Look below for the line holding "12 x 18 x .080" and the line holding "- مصنوعة من". Repeat those two and everything between, exactly.
━━━ Stored data ━━━
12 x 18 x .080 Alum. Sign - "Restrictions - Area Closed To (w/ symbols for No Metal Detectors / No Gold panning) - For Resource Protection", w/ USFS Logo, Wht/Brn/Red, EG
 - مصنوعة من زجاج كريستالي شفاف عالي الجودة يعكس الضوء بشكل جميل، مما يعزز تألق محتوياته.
━━━
━━━ Stored data ━━━
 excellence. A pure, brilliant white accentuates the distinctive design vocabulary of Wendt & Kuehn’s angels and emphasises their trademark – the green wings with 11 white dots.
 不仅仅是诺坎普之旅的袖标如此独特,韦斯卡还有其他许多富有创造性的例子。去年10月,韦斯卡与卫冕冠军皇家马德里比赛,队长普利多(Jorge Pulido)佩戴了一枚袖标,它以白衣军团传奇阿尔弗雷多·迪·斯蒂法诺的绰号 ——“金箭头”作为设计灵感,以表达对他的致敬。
━━━
▸ **Task answer**:
12 x 18 x .080 Alum. Sign - "Restrictions - Area Closed To (w/ symbols for No Metal Detectors / No Gold panning) - For Resource Protection", w/ USFS Logo, Wht/Brn/Red, EG
 - مصنوعة من زجاج كريستالي شفاف عالي الجودة يعكس الضوء بشكل جميل، مما يعزز تألق محتوياته.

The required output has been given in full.